The arrangement may further include a memory unit for storing sound
characteristics and relating them to a particular participant
profile.
[0011] Embodiments of the invention may relate to a computer
configured for for handling a multi-party conferencing. The
computer may include a unit for receiving signals corresponding to
a voice of a participant of the conferencing; a unit configured to
analyze the signal; a unit configured to extract at least one
characteristic parameter for the voice; a unit configured to
compare the at least one characteristic parameter of at least each
participant to find a similarity in the at least one characteristic
parameter; and a unit configured to generate a virtual position for
each participant voice through spatial positioning, in which a
position of voices having similar characteristics may be arranged
distanced from each other in a virtual space. The computer may
further include a communication interface to a communication
network.
[0012] Embodiments of the invention may relate to a communication
device capable of handling a multi-party conferencing. The
communication device may include a communication portion; a sound
input unit; a sound output unit; a unit configured to analyze a
signal received from the communication network; the signal
corresponding to voice of a party is the multi-party conferencing;
a unit configured to extract at least one characteristic parameter
for the voice; a unit configured to compare the at least one
characteristic parameter of at least each participant to find a
similarity in the at least one characteristic parameter; and a unit
configured to generate a virtual position for each participant
voice through spatial positioning, in which a position of voices
having similar characteristics may be arranged distanced from each
other in a virtual space and out put through the sound output
unit.
[0013] The invention may relate to a method in a multi-party
conferencing system, in which the method may include analyzing
signal relating to one or more participant voices; processing at
least each received signal and extracting at least one
characteristic parameter for voice of each participant based on the
signal; comparing result of the characteristic parameters to find
similarity in the characteristic parameters; and generating a
virtual position for each participant voice through spatial
positioning, in which position of voices having similar
characteristics may be arranged distanced from each other in a
virtual space.
BRIEF DESCRIPTION OF THE DRAWINGS
[0014] The present invention will hereinafter be further explained
by means of non-limiting examples with reference to the appended
figures, in which:
[0015] FIG. 1 shows a schematic communication system according to
an embodiment of the present invention;
[0016] FIG. 2 is block diagram of participant positioning in a
system according to FIG. 1;
[0017] FIG. 3 shows a schematic computer unit according to an
embodiment of the present invention;
[0018] FIG. 4 is a flow diagram according to an embodiment of the
invention; and
[0019] FIG. 5 is schematic communication device according to an
embodiment of the present invention.
DETAILED DESCRIPTION
[0020] According to one aspect of the invention, the voice
characteristics of the participants of a voice conference system
may be used to intelligently position similar ones of the voices
far from each other, when applying spatial positioning
techniques.
[0021] FIG. 1 illustrates a conferencing system 100 according to
one embodiment of the invention. Conferencing system 100 may
include a computing unit or conference server 110 that may receive
incoming calls from a number of user communications devices
120a-120c through one or more types of communication networks 130,
such as public land mobile networks, public switched land networks,
etc. Computer unit 110 may communicate via one or more speakers
140a-140c to produce spatial positioning of the audio information.

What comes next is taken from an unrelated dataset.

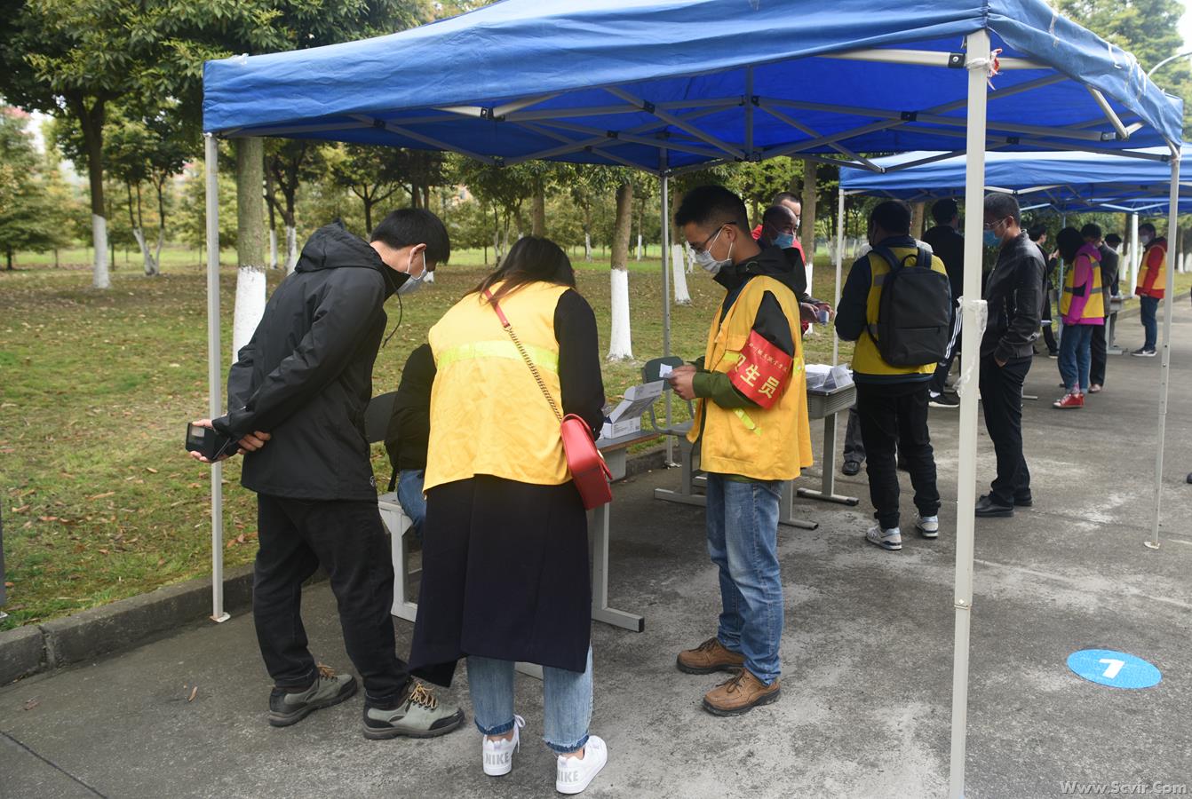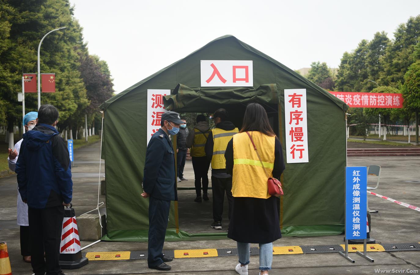演练正式开始: 一、严把入口,做好入校管控 1.人员车辆引导。学生搭乘的车辆即停即走,工作人员维护校门外交通秩序,学生佩戴口罩进入指定通道。 2. 体温监测。学生在指定通道接受红外成像测温,体温检测合格(37.3℃以下)进入报到程序。 3. 学生核验身份及报到。学生到相应类别报到通道有序排队(保持1米以上的间距),报到时由班主任对本班学生进行逐一核验身份并报到、用额温枪检测体温,在《学生返校信息登记表》(电子或纸质)中记录入校时间及体温,确认正常后出具《报到完毕、准予入校》单,经安保人员复验后进入校园。

Speakers 140a-140c may include a headphone(s).
[0022] With reference to FIGS. 1 and 4, according to one aspect of
the invention, when a user of one of communication devices
120a-120c connects to conference server 110, the received voice of
the participant is analyzed 401 (FIG. 4) by an analyzing portion
111 of conference server 110, which may include a server component
or a processing unit of the server. The voice may be analyzed and
one or more parameters characterizing each voice may be extracted
402 (FIG. 4). The particular information that may be extracted is
beyond the scope of the instant application, and the details of
need not be specifically addressed herein. The extracted data may
be retained and stored with information for recognition of the
particular participant corresponding to a particular participant
profile for future use. A storing unit 160 may be used for this
purpose. The voice characteristics, as defined herein, may include
one or more of vocal range (registers), resonance, pitch,
amplitude, etc., and/or any other discernible/perceivable audible
quality.
[0023] As mentioned above, voice/speech recognition systems are
well known for skilled persons. For example, some speech
recognition systems make use of a Hidden Markov Model (HMM). A
Hidden Markov Model outputs, for example, a sequence of
n-dimensional real-valued vectors of coefficients (referred to as
"cepstral" coefficients), which can be obtained by performing a
Fourier transform of a predetermined window of speech,
de-correlating the spectrum, and taking the first (most
significant) coefficients. The Hidden Markov Model may have, in
each state, a statistical distribution of diagonal covariance
Gaussians which will give a likelihood for each observed vector.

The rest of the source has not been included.